Exercise brief: Scan the lines below for the string "Colors" and copy every one that has it.

Raw data:
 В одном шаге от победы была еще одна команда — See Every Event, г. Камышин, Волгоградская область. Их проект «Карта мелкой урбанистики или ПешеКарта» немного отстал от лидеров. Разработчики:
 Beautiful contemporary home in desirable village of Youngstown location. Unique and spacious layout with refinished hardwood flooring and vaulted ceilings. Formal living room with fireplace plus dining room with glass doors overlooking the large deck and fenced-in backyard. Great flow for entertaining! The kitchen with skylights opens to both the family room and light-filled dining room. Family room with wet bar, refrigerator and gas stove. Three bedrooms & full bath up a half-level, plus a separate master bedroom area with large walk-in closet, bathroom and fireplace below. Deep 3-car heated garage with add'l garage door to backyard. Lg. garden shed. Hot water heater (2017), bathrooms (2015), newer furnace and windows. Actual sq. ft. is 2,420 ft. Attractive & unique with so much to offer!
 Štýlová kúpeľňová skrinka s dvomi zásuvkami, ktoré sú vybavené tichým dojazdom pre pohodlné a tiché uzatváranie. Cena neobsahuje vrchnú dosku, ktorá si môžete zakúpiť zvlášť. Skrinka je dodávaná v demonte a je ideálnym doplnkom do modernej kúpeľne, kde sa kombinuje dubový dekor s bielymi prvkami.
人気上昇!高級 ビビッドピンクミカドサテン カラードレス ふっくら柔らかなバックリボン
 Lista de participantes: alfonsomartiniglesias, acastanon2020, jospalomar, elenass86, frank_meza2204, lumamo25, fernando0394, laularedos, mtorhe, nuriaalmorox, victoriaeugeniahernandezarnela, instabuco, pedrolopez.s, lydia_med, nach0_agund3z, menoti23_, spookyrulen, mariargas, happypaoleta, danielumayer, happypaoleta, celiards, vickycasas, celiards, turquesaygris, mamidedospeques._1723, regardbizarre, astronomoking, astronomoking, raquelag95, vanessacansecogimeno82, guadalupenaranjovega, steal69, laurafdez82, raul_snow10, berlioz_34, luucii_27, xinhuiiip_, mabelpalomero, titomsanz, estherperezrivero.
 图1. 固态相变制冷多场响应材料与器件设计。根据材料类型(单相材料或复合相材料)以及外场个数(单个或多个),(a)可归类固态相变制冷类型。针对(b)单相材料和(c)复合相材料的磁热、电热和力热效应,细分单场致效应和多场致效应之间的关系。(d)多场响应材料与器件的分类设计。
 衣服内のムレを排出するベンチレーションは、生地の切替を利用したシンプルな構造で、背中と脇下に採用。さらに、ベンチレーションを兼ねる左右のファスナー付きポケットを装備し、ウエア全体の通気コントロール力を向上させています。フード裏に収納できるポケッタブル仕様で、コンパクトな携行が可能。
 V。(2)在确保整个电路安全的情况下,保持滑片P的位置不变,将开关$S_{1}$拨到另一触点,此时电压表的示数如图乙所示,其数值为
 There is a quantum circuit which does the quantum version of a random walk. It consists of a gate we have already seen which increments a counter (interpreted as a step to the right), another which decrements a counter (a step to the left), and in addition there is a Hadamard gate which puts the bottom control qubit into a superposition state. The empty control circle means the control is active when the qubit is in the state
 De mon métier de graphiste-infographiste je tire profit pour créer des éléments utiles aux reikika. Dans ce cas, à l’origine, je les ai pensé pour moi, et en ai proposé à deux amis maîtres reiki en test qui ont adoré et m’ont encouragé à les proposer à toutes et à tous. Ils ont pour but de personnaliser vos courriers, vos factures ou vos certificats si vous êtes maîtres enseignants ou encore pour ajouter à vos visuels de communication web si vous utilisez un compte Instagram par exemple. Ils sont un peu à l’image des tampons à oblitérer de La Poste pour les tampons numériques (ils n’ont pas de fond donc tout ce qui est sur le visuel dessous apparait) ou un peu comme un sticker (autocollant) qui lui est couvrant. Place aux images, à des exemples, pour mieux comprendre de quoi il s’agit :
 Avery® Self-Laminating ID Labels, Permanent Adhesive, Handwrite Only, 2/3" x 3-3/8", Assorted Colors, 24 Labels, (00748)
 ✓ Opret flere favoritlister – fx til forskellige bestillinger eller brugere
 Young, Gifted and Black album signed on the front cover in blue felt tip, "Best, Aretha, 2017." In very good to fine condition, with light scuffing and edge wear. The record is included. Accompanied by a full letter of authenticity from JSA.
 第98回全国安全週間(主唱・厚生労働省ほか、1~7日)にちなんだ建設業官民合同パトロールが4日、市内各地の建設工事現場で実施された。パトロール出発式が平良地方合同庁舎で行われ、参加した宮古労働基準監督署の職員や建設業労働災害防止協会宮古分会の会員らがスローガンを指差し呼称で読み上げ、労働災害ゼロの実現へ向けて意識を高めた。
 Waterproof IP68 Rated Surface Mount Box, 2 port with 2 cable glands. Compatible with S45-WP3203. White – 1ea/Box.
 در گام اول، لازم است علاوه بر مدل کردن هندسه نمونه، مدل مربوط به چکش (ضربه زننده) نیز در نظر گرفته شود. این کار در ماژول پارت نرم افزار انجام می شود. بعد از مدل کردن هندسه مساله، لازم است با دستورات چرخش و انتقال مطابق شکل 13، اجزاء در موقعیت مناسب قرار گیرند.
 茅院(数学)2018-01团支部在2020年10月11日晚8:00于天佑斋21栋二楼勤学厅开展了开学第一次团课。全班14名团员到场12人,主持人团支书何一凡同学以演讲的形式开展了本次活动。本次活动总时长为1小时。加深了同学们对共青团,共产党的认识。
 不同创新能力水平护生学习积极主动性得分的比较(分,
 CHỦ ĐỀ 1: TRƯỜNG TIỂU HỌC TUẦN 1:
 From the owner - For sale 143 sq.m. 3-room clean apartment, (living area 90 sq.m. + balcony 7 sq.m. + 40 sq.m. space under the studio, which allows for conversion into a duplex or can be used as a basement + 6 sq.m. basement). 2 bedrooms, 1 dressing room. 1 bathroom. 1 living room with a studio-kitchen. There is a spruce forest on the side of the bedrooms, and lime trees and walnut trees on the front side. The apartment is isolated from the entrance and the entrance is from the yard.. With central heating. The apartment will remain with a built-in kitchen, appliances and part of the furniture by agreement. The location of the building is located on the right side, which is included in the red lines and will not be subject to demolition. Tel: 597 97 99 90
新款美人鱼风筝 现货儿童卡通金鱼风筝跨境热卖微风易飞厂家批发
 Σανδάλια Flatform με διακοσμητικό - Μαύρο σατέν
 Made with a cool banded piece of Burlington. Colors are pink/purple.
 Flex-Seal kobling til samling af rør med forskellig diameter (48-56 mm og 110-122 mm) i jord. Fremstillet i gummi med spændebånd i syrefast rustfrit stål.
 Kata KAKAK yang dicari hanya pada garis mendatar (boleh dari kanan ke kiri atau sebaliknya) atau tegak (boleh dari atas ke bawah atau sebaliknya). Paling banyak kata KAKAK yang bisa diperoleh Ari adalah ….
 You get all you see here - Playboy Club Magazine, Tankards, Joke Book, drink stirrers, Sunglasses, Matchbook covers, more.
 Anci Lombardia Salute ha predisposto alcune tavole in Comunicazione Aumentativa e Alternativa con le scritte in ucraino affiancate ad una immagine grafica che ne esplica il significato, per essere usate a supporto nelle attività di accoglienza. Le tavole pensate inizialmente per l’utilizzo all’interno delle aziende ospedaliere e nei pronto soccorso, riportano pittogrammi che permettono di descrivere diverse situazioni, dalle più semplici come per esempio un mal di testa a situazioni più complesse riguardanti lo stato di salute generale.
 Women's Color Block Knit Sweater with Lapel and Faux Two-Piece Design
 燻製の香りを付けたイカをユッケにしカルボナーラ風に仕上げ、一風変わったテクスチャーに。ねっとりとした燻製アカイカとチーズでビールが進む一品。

Exercise response:
 Avery® Self-Laminating ID Labels, Permanent Adhesive, Handwrite Only, 2/3" x 3-3/8", Assorted Colors, 24 Labels, (00748)
 Made with a cool banded piece of Burlington. Colors are pink/purple.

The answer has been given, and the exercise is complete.